EXTRACTED RECORDS:
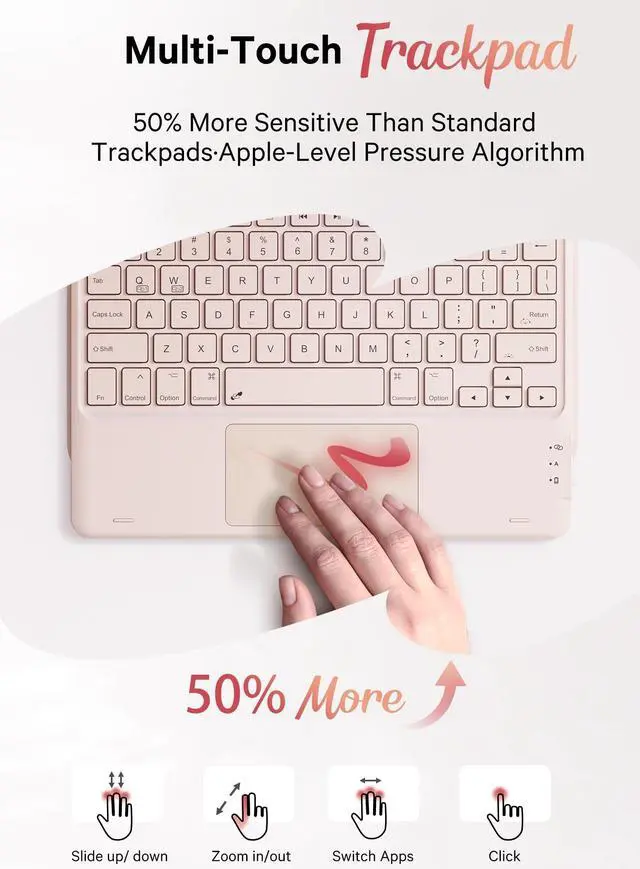 ^^ Multi-touch Trackpad: this keyboard case for iPad (A16) 11th/10th generation has an integrated multi-touch trackpad that perfectly adapts to the IOS system, with various trackpad gestures, providing a comfortable usage experience while clicking, scrolling, and swiping through content effortlessly. Allows you to turn your tablet into a laptop. ^^ Magnetically Detachable
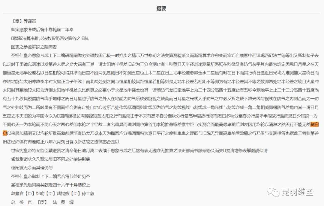 诡异的是,网上流传的乾隆四十六年(1781年)的奏疏中出现了刻白尔(开普勒)的名字。
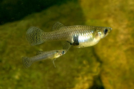 Imagen 4. Macho y hembra de Gambusia holbrooki.Gunther Schmida / http://www.guntherschmida.com.au. License: CC BY Attribution-Noncommercial-ShareAlike 3.0[1] y reproducción del botijo utilizado para la “siembra” de gambusias.
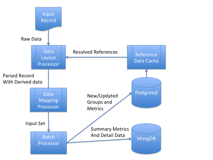 - The input set is passed to the BatchProcessor. This processor resolves the groups to their internal ids, creating new groups as needed. It also maintains accumulators for each unique group combination that accumulate metric values to both the daily and interval levels for the batch as a whole. As each record is processed, the detail data is passed off to the detail writer for saving to the mongodb detail collection.
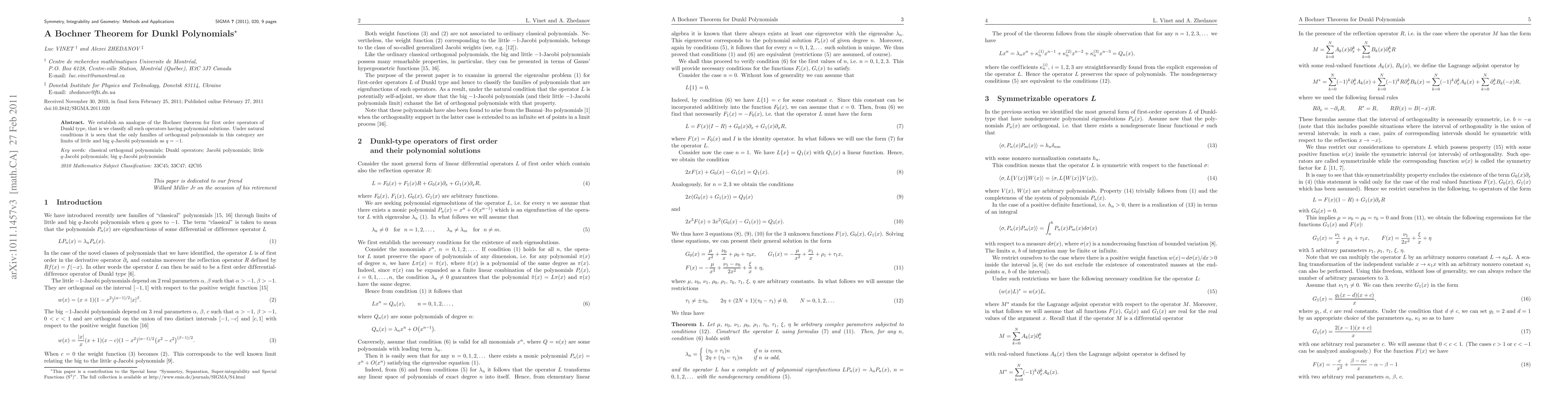 Researchers establish a Bochner theorem for Dunkl polynomials, classifying operators with polynomial solutions, specifically finding that only limits of q-Jacobi polynomials as q=-1 produce orthogonal families.
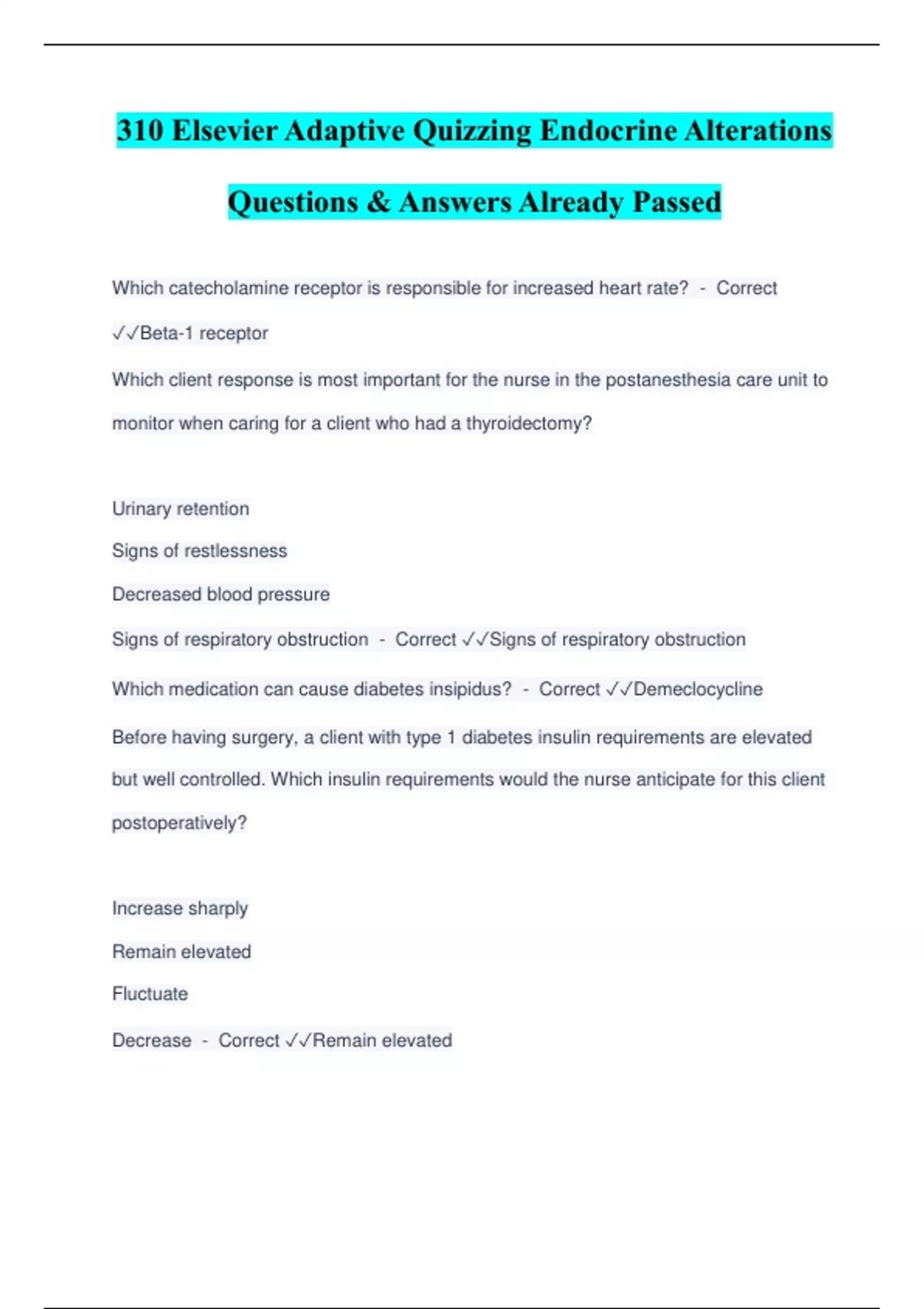 310 Elsevier Adaptive Quizzing Endocrine Alterations Questions & Answers Already Passed Which catecholamine receptor is responsible for increased heart rate? - Correct Beta-1 receptor Which client response is most important for the nurse in the postanesthesia care unit to monitor when caring for a client who had a thyroidectomy? Urinary retention Signs of restlessness Decreased blood pressure Signs of respiratory obstruction - Correct Signs of respiratory obstruction Which medication can cause diabetes insipidus? - Correct Demeclocycline Before having surgery, a client with type 1 diabetes insulin requirements are elevated but well controlled. Which insulin requirements would the nurse anticipate for this client postoperatively? Increase sharply Remain elevated Fluctuate Decrease - Correct Remain elevated

TASK INSTRUCTIONS: Both ends included, copy word for word the lines from the top of the entries above through the line with "Researchers establish a". No pictures.

ANSWER FOR THE TASK:
 ^^ Multi-touch Trackpad: this keyboard case for iPad (A16) 11th/10th generation has an integrated multi-touch trackpad that perfectly adapts to the IOS system, with various trackpad gestures, providing a comfortable usage experience while clicking, scrolling, and swiping through content effortlessly. Allows you to turn your tablet into a laptop. ^^ Magnetically Detachable
 诡异的是,网上流传的乾隆四十六年(1781年)的奏疏中出现了刻白尔(开普勒)的名字。
 Imagen 4. Macho y hembra de Gambusia holbrooki.Gunther Schmida / http://www.guntherschmida.com.au. License: CC BY Attribution-Noncommercial-ShareAlike 3.0[1] y reproducción del botijo utilizado para la “siembra” de gambusias.
 - The input set is passed to the BatchProcessor. This processor resolves the groups to their internal ids, creating new groups as needed. It also maintains accumulators for each unique group combination that accumulate metric values to both the daily and interval levels for the batch as a whole. As each record is processed, the detail data is passed off to the detail writer for saving to the mongodb detail collection.
 Researchers establish a Bochner theorem for Dunkl polynomials, classifying operators with polynomial solutions, specifically finding that only limits of q-Jacobi polynomials as q=-1 produce orthogonal families.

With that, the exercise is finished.